Estados Unidos anunció una nueva etapa de presión económica
contra Irán, con sanciones que el secretario del Tesoro, Scott Bessent,
calificó como “las más duras de la historia”.
El funcionario adelantó que las medidas serán detalladas el
próximo lunes y reclamó que otros países acompañen la estrategia de Washington.
El principal foco está puesto en China, el mayor comprador del petróleo iraní.
“Es un golpe doble. Tenemos el bloqueo y vamos a tener las
sanciones más duras de la historia”, afirmó Bessent durante una entrevista con
CNBC. El funcionario sostuvo además que la presión económica busca debilitar al
gobierno de Teherán.
El anuncio se conoció un día después de que el presidente
Donald Trump advirtiera que cualquier país que proporcione asistencia a Irán
podría enfrentar consecuencias económicas.
El petróleo iraní, en el centro de la disputa
La presión sobre China representa uno de los puntos más
delicados de la nueva estrategia estadounidense. Según datos de Kpler
correspondientes a 2025, Beijing adquiere más del 80% del petróleo que exporta
Irán.
Otras estimaciones citadas por Bloomberg ubican esa
participación por encima del 90%. Gran parte del crudo es comprado por
refinerías independientes chinas, conocidas como “teapot”, que tienen una
exposición limitada al sistema financiero estadounidense.
Bessent evitó confirmar si Washington sancionará
directamente a bancos o empresas chinas vinculadas con esas operaciones.
“Muchas conversaciones es mejor tenerlas en privado”, respondió al ser
consultado sobre esa posibilidad.
El secretario del Tesoro también señaló que China depende
del Golfo Pérsico para aproximadamente la mitad de su energía y consideró que
Beijing debería acompañar el plan estadounidense para facilitar la reapertura
del estrecho de Ormuz y reducir la presión sobre el precio del petróleo.
Una disputa que puede afectar a Washington y
Beijing
La relación comercial entre Estados Unidos y China agrega
otro elemento de tensión. Beijing es uno de los principales proveedores de
tierras raras para la industria estadounidense, materiales esenciales para
sectores tecnológicos y de defensa.
Por ese motivo, una eventual ofensiva contra entidades
financieras chinas podría generar nuevas fricciones entre las dos potencias y
afectar negociaciones previstas entre Trump y el presidente chino, Xi Jinping.
Bessent, sin embargo, relativizó el impacto de las nuevas
medidas sobre los mercados. “Creo que los mercados petroleros están
malinterpretando lo que significa esta presión económica”, afirmó luego de que
el precio del crudo alcanzara su mayor nivel en más de tres semanas.
Irán enfrenta una economía cada vez más
debilitada
La estrategia estadounidense se desarrolla mientras Irán
atraviesa una situación económica compleja. El país acumula décadas de
sanciones internacionales y actualmente enfrenta una fuerte depreciación de su
moneda y una inflación que en julio superaba el 60% interanual.
Además, desde julio Washington mantiene un bloqueo naval
sobre los puertos iraníes y los accesos al estrecho de Ormuz, una de las
principales rutas para el transporte mundial de petróleo.

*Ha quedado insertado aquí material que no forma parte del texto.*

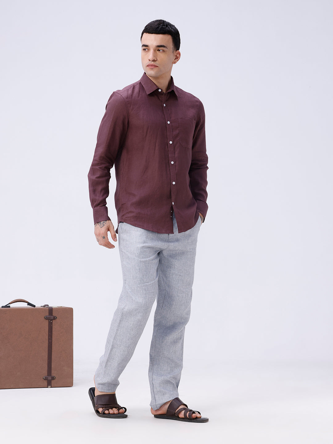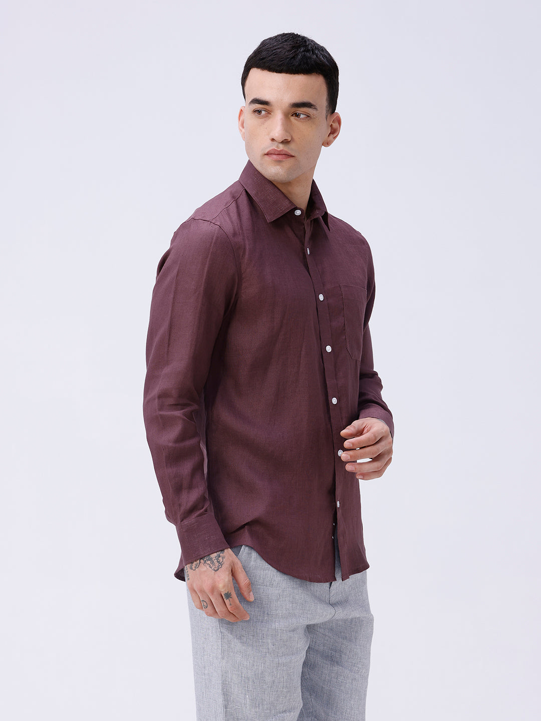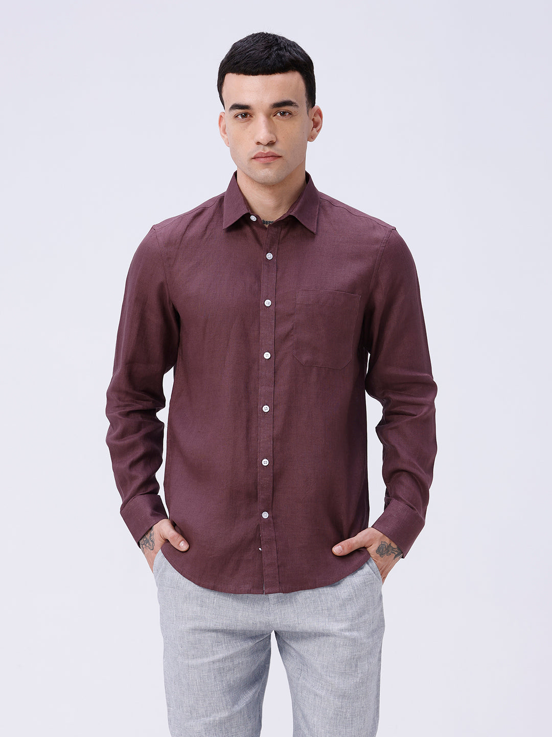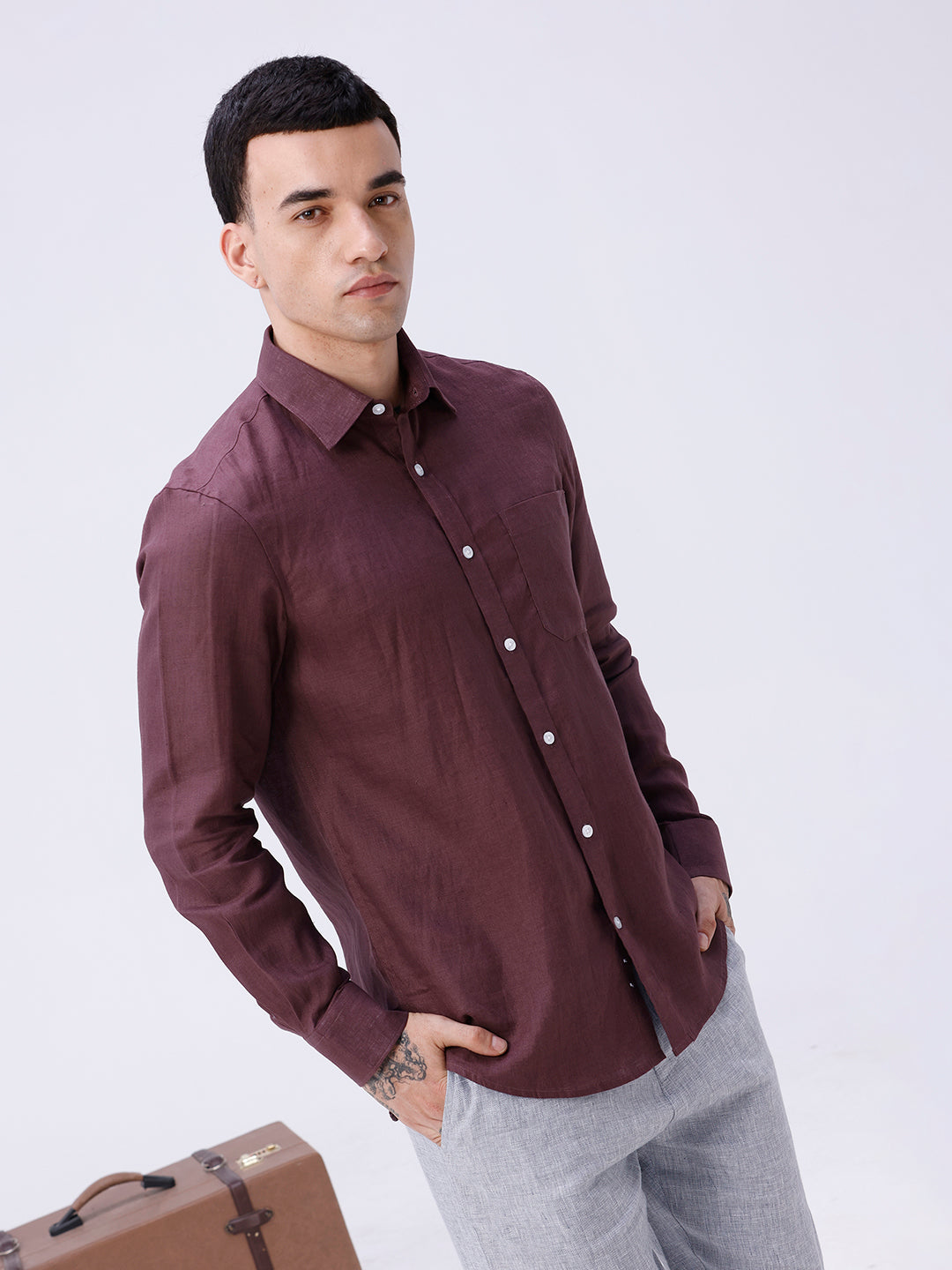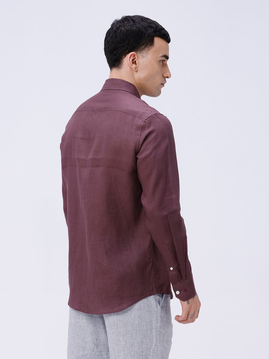 Classic full sleeve linen shirt in maroon, ideal for warm weather smart casuals.

El conflicto entre Estados Unidos e Irán comenzó el 28 de
febrero, cuando fuerzas estadounidenses e israelíes lanzaron ataques conjuntos
contra territorio iraní. Desde entonces, las tensiones militares y económicas
se mantienen como uno de los principales focos de riesgo para los mercados
energéticos.
China deberá definir hasta dónde acompañará a
Washington
Desde Teherán rechazaron las nuevas amenazas. El canciller
iraní, Abás Araqchi, acusó a Trump de utilizar la presión sobre Irán para
desviar la atención de los problemas financieros internos de Estados Unidos.
La Cancillería iraní también calificó las medidas
estadounidenses como “terrorismo económico”. Beijing, por su parte, todavía no
había respondido públicamente a las declaraciones de Bessent.
La definición de China será determinante para medir el
alcance de la nueva estrategia estadounidense: si Beijing mantiene sus compras
de crudo iraní, Washington tendrá dificultades para cerrar una de las
principales vías de ingresos de Teherán; si decide reducirlas, la presión
económica sobre el régimen podría aumentar significativamente.